* [Problem]:
Only the lines from the top of the material through the line containing "Het binnenbubbelbad (vulwater)" should be restated, each one exactly.

* [Recorded data]:
== Segment start ==

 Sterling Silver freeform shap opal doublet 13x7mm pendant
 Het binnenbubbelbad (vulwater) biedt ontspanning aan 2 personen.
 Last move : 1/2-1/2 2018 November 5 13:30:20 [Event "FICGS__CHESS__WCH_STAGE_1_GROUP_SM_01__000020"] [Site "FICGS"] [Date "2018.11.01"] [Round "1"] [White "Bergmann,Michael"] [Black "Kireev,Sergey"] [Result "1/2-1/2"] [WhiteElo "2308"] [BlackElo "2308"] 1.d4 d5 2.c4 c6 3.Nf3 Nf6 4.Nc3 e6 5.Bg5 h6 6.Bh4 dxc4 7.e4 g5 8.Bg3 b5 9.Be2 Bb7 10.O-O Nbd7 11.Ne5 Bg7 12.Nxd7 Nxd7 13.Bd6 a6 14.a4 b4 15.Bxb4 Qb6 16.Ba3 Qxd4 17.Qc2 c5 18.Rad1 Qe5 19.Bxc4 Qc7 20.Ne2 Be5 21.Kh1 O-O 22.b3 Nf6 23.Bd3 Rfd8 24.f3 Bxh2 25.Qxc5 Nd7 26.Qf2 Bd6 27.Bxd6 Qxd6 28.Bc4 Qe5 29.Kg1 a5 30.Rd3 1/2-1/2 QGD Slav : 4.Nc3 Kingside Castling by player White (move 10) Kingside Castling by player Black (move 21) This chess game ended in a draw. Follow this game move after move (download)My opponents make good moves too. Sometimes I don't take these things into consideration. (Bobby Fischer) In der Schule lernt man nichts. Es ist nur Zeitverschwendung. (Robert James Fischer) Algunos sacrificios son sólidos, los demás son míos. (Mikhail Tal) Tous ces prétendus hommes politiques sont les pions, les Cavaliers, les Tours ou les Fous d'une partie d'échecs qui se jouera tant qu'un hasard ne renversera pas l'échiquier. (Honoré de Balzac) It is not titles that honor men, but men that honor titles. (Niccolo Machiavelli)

== Segment end ==

* [Exercise response]:
 Sterling Silver freeform shap opal doublet 13x7mm pendant
 Het binnenbubbelbad (vulwater) biedt ontspanning aan 2 personen.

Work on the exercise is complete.